Deep learning models in diagnosing the lung adenocarcinoma histopathologically based on CT images
7 Liuyin CHEN (11 Mar 2024)
Abstract

The latest international multidisciplinary histopathological classification of lung cancer indicates a deeper study of the lung adenocarcinoma requires a comprehensive multidisciplinary platform. However, in the traditional pathology examination or previous computer-vision-based research, the entire lung is not considered in a comprehensive manner. In this study, inferring the pathological report is divided into two tasks, predicting the invasiveness of the lung tumor and inferring growth patterns of tumor cells in a comprehensive histopathological subtyping manner with excellent accuracy.  A self-distillation trained multi-task dense-attention network (SD-MdaNet) is proposed and validated. In the proposed method, the dense-attention module is introduced to better extract features from a small dataset in the main branch of the MdaNet. Next, task-specific attention modules are utilized in different branches and finally integrated as a multi-task model. Moreover, a specialized loss function is developed for the second task, a blend of classification and regression tasks. Finally, a knowledge distillation process is developed to take the advantage of all the models as well as data with labels and without labels. Experimental results demonstrate that the proposed SD-MdaNet can significantly improve the performance of the lung adenocarcinoma pathological diagnosis using only CT scans.

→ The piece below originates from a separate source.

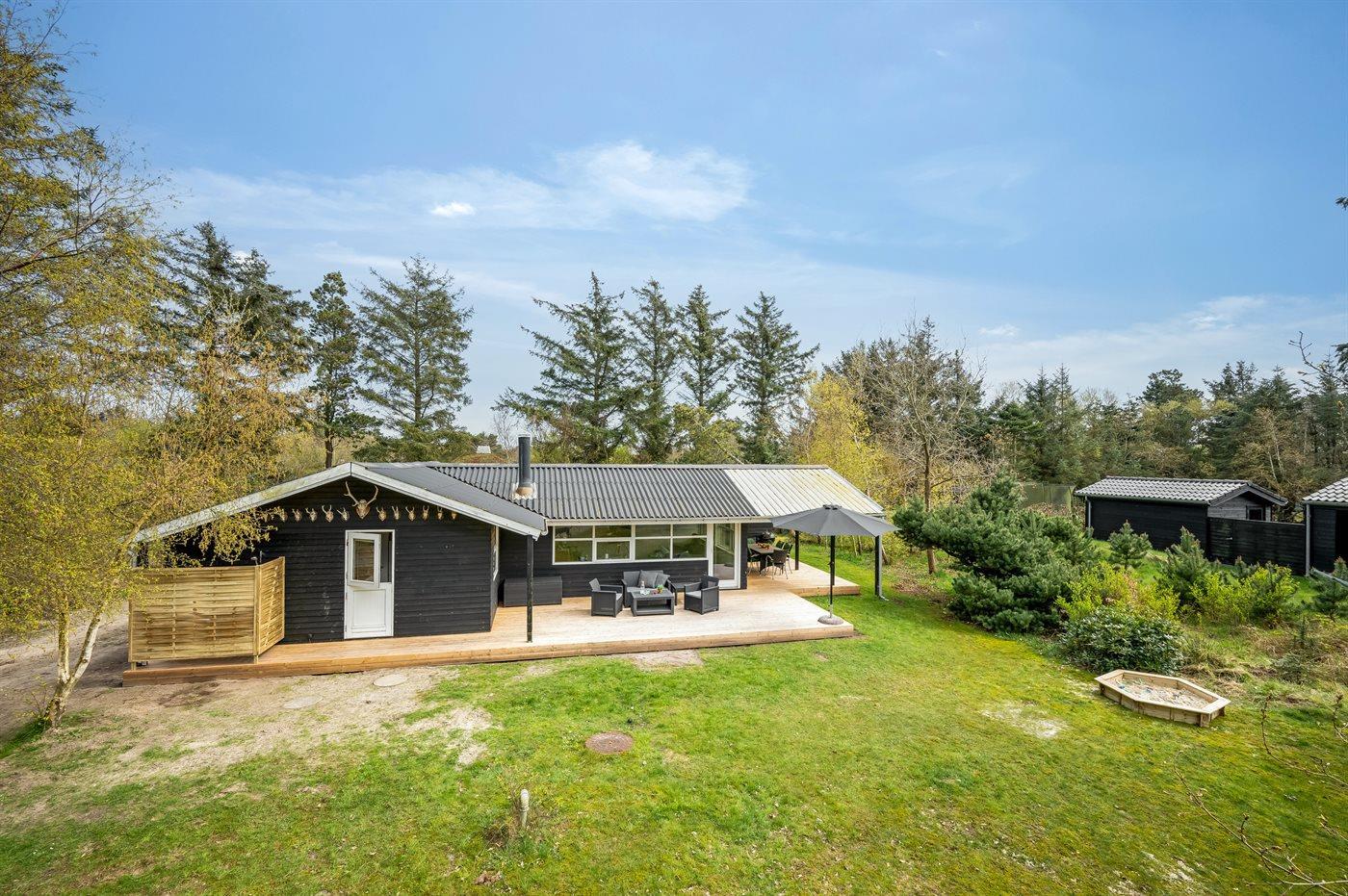 De vakantiewoning is gelegen op een 2250 m² groot natuural grond. Afstand tot de zee 500 m. Dichtstbijzijnde winkel 600 m. Bij de vakantiewoning hoort 20 m² terras. Daarnaast is er een 12 m² groot overdekt terras. Gereedschapsruimte. Schommel. Zandbak. Glijbaan.Vuurplaats. Barbecue. Parkeerplaats bij het huis.

Analyses and discussions are conducted to interpret the advantages of the SD-MdaNet.

 

 

Speaker: Dr Liuyin CHEN
Date: 11 March 2024 (Mon)
Time: 3:00pm - 04:00pm
Poster: Click Here

Biography

Liuyin Chen received a B.S. degree in automation from University of Science and Technology of China, Hefei, China, in 2019, and a Ph.D. degree in data science from City University of Hong Kong, China, in 2023. She is currently with the Hong Kong Institute for Data Science, City University of Hong Kong, as a Postdoc. Her research interests include medical image analysis, computer-aided diagnosis, and image processing technologies.